UX Research & Design: Oct – Dec 2023
Component Design: 2024
EXPTo (Experience Toronto) is a ticket discoverability mobile application designed during the 'Fundamentals of UX Design' course as a team. Designed for Toronto's GLAM sector, its goal is to make it easier to find discount information.
This started as an academic group project for a UX course to design a solution for a public sector issue. Our group landed on the GLAM sector (Galleries, Libraries, Archives, and Museums) because all six of us genuinely cared about it.
We designed an app that would ensure that the information about cultural programming was available at a single aggregated source, ready to be used and shared.
We were a group of 6 UX researchers: Kyle Thomas, Quinn Kavaner, Vivian Zhang, Ankush Sood, Rebecca Ding. While the research was done as a team, the team split into pairs to do creative direction, low-fidelity prototyping, and testing. Kyle and I did prototyping. After the course concluded, I did the component design and high fidelity design based on the feedback we received on the low-fidelity prototype.
These were the key Insights from our mixed-methods research
36 survey participants. 12 interviews. Market data spanning pre- and post-pandemic attendance. All Three sources pointed to the same pain point. Discount programs already existed; people simply couldn't find them.
key Data Point: 24 respondents said they'd visit museums more often, if discount information were simply easier to find.
This is why we decided to design a one-spot app for GLAM ticket discounts and offers.
Based on our research, we designed a low-fidelity prototype that had a search-first information architecture, with a map feature that allowed users to find nearby events.

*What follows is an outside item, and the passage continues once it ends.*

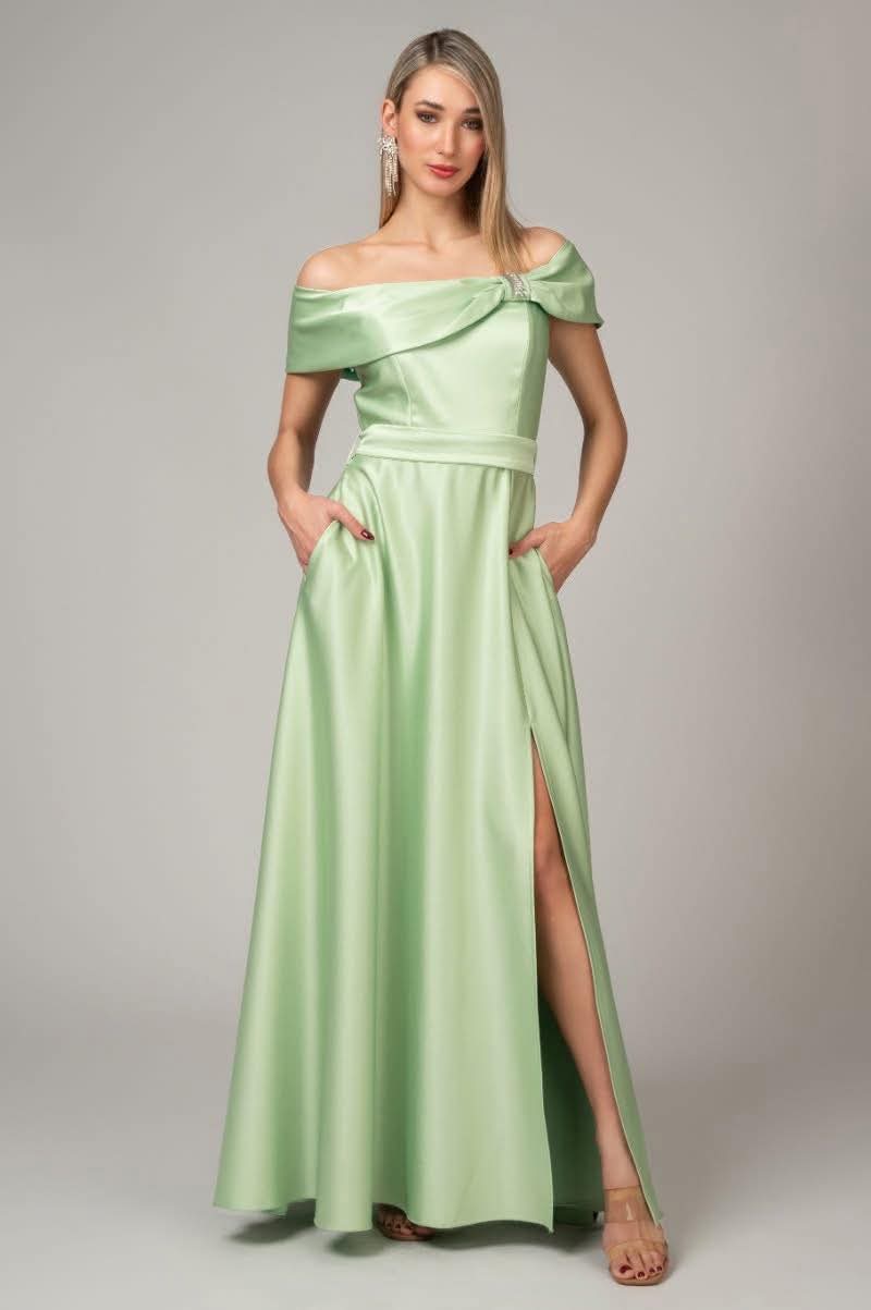 Maxi φόρεμα με ανοιχτούς ώμους και σκίσιμο μπροστά .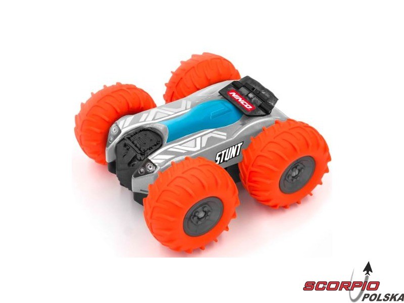 Wielki dwustronny model Nincoracers Stunt Orange z dużymi oponami. Jest on dwustronny. Żadna przeszkoda nie stanowi dla niego problemu. Potrafi robić niesamowite sztuczki. Skoki, skręty, jazda na tylnych kołach. Nadajnik drążkowy 27MHz z dużym zasięgiem i diodą LED zasilania. Działa na baterie AAA.

The Map tested well in low-fidelity. But, Museums don't share data in a way that would allow us to build the map feature, and feedback showed that building it would have been a distraction, adding visual clutter that didn't address the problem. The pivot to search-first was an IA decision that matched the product's technical constraints while directly serving what research confirmed users actually wanted.
The high-fidelity component system was built by myself individually after the course ended, using lo-fi feedback as the brief.
Design decisions made purely from user preference can be fragile. Decisions made purely from technical constraint can miss the point entirely. This project showed what it looks like when both validate each other.
Coming back to rebuild the UI after the course also told me something simpler: a prototype good enough to present isn't the same as work that's actually finished.
Many decisions we'd made when designing the Low fidelity version came apart when moving to high fidelity, which were also based on input I received from peers on how it would look like if potentially handed off and developed.